I don't really understand your point here. First, I never suggested 
fitting a model of any kind to select unchanged probesets, unless 
computing the variance is some kind of newfangled model fitting that I 
don't understand.

In addition, are you really claiming that a probeset that is 'below the 
detection limit' (whatever that means) will _not_ have any variance? I 
would say that doesn't make any sense. All expression values will 
exhibit some level of variance regardless of whether you might think 
they are 'below the detection limit'.

> 
> It seems to me that this approach leads to a false/erroneous reduction in 
> the multiplicity problem, as you've just moved the hypothesis testing into 
> a separate "phase" of the analysis.  And it also would mess up pooled 
> variance estimates such as those used in eBayes-based methods (e.g. 
> limma).

So yes, if I had actually advocated fitting a model you would be 
correct. However, simply deciding to exclude probesets that have a low 
variance will not affect the hypothesis testing.
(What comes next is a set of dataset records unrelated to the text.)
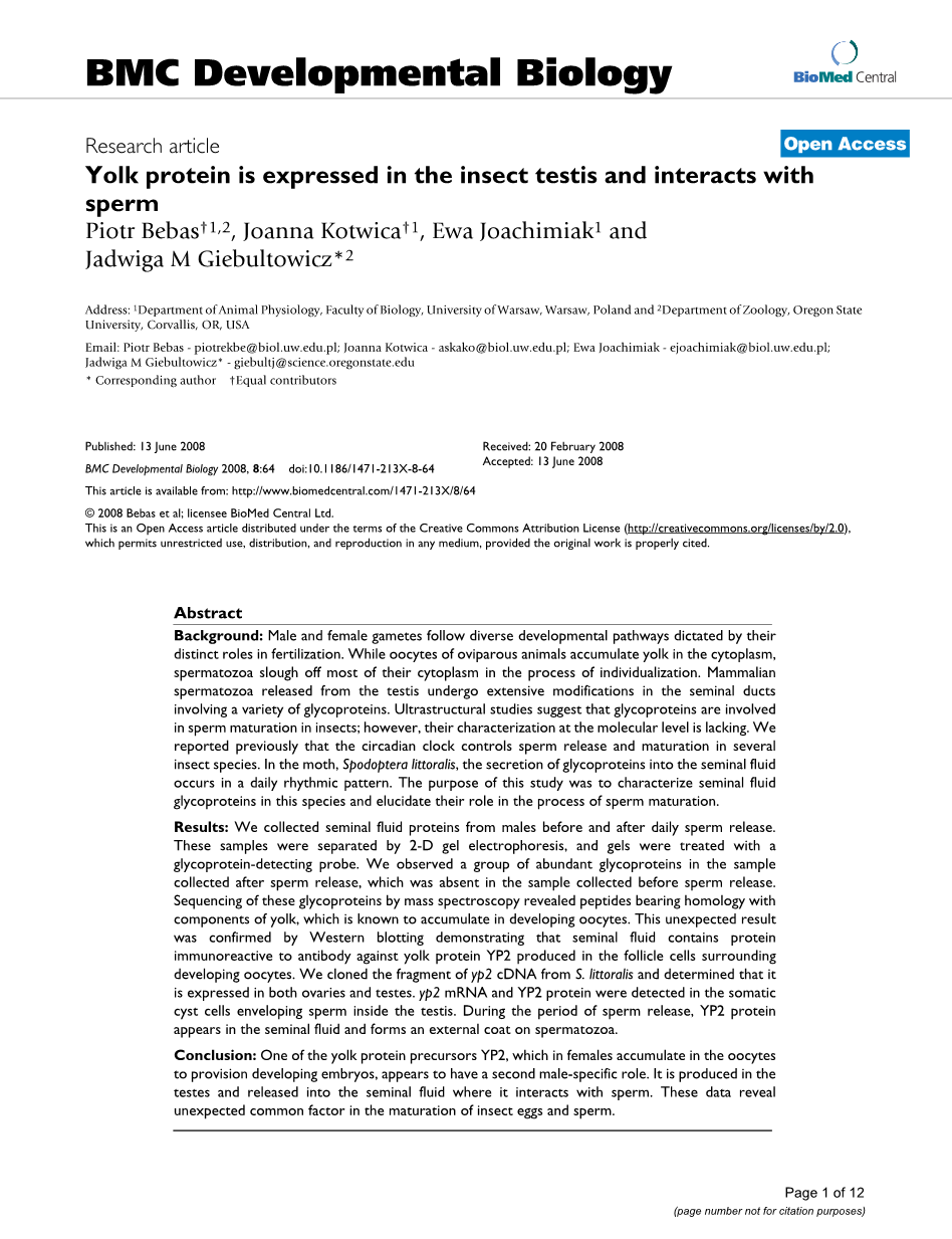 Piotr Bebasdagger;1,2, Joanna Kotwicadagger;1, Ewa Joachimiak1 and Jadwiga M Giebultowicz*2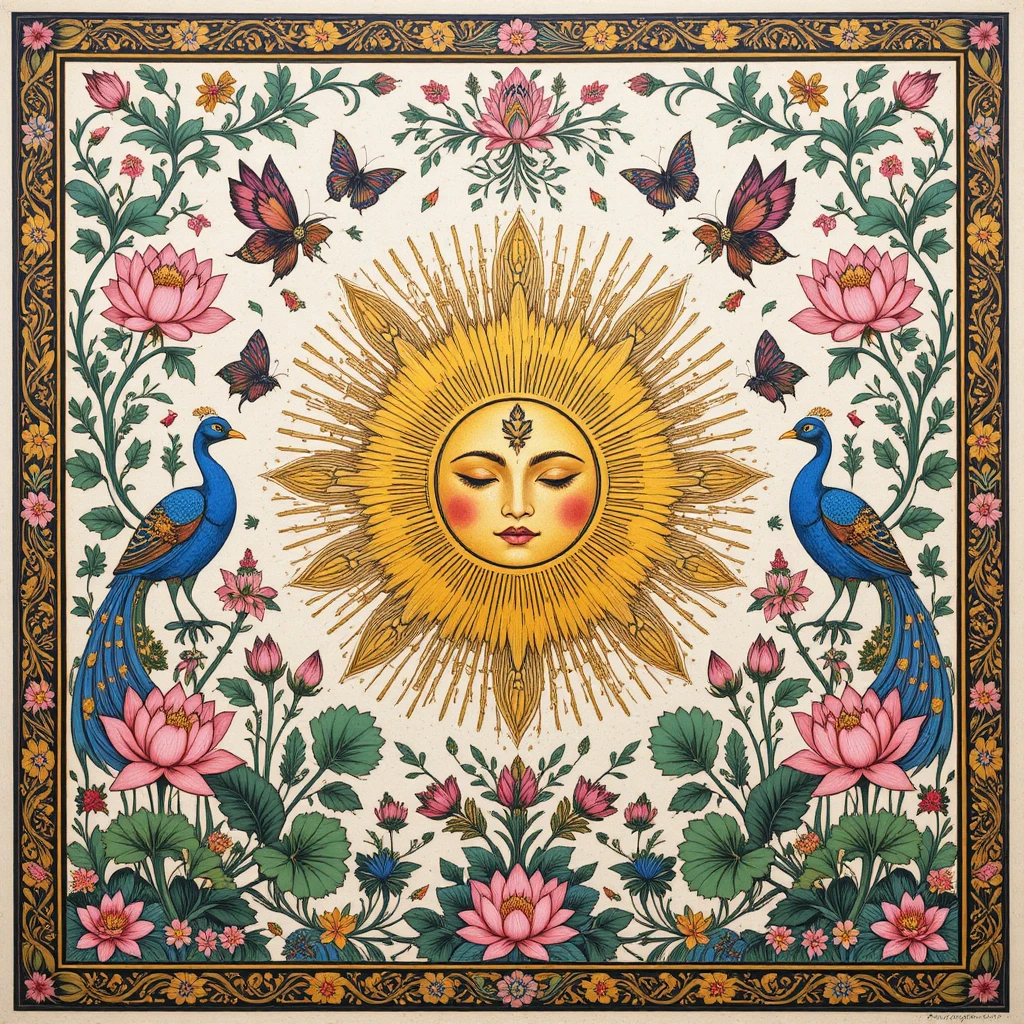 “A high-resolution Madhubani painting depicting the beauty of Spring Bloom with Divine Aura. A radiant golden aura shines behind a symbolic sun face at the center, surrounded by blooming lotus flowers, butterflies, and peacocks on both sides. The background is off-white with bold black outlines and earthy spring colors — pastel pink, bright green, sky blue, sunny yellow, and warm gold tones. The canvas is filled with dense floral vines, geometric borders, and folk motifs with no empty spaces, following traditional Madhubani symmetry. Every element is crisp, vibrant, and intricately detailed for a divine and harmonious spring atmosphere.”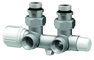 Н-образный термостатический узел с запорными клапанами М24х19 х НР 1/2", угловой FAR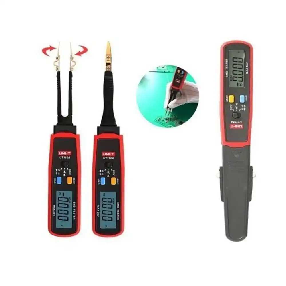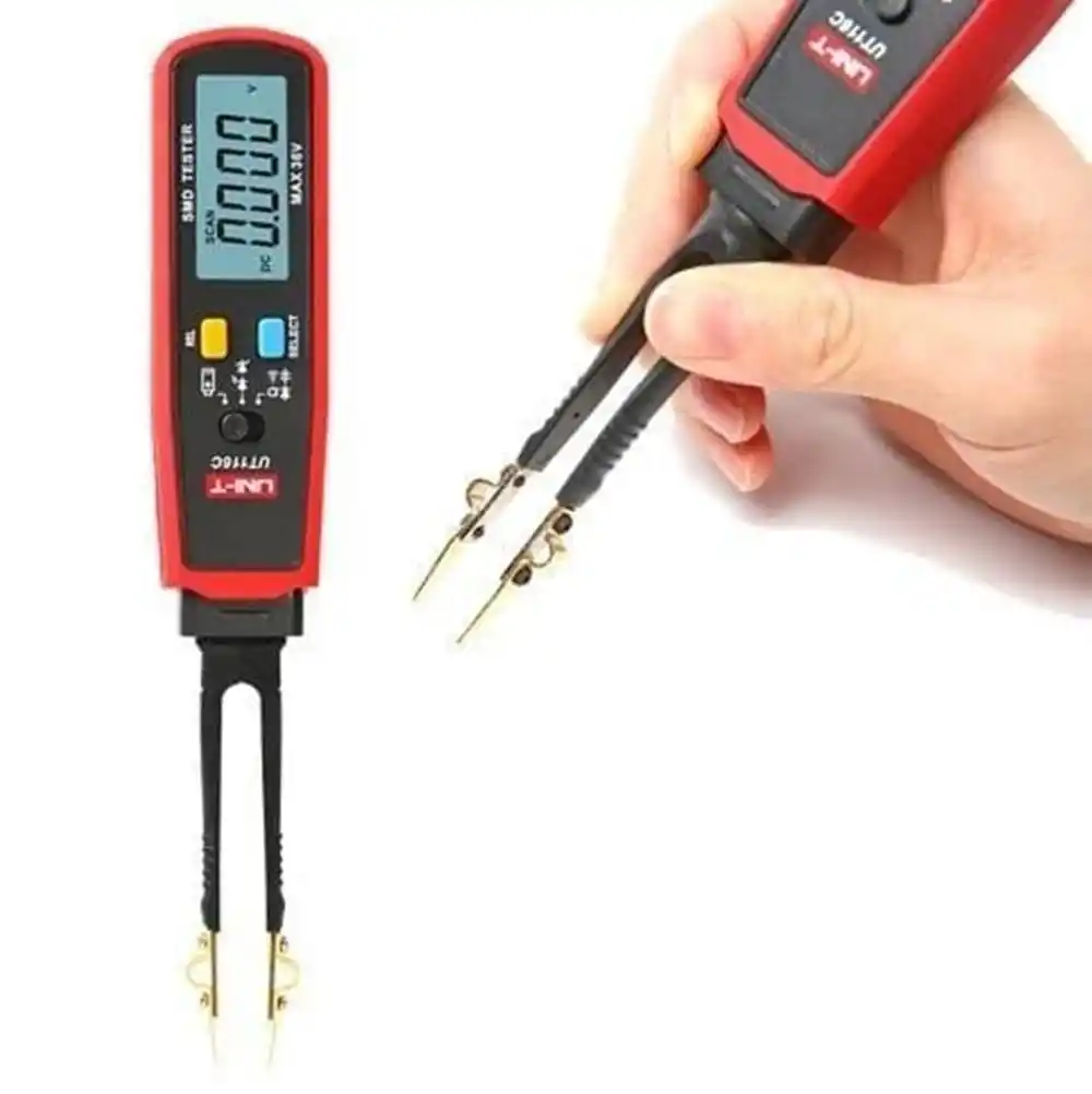 Uni-T UT116C, yüzey montajlı cihazların (SMD) direnç, kapasitans, diyot ve süreklilik değerlerini tek elle ölçmek için tasarlanmış, cımbız formunda gelişmiş bir dijital multimetredir.

Although it could have 
an effect on the computation of the pooled variance estimates if you 
remove too many probesets as the pooled variance might increase.

But the same can be said for any filtering method. If you remove a lot 
of probesets of low intensity (say all those with an absent call) then 
you very well could be removing probesets with a higher variance and 
then mess up the estimate of the pooled variance as well.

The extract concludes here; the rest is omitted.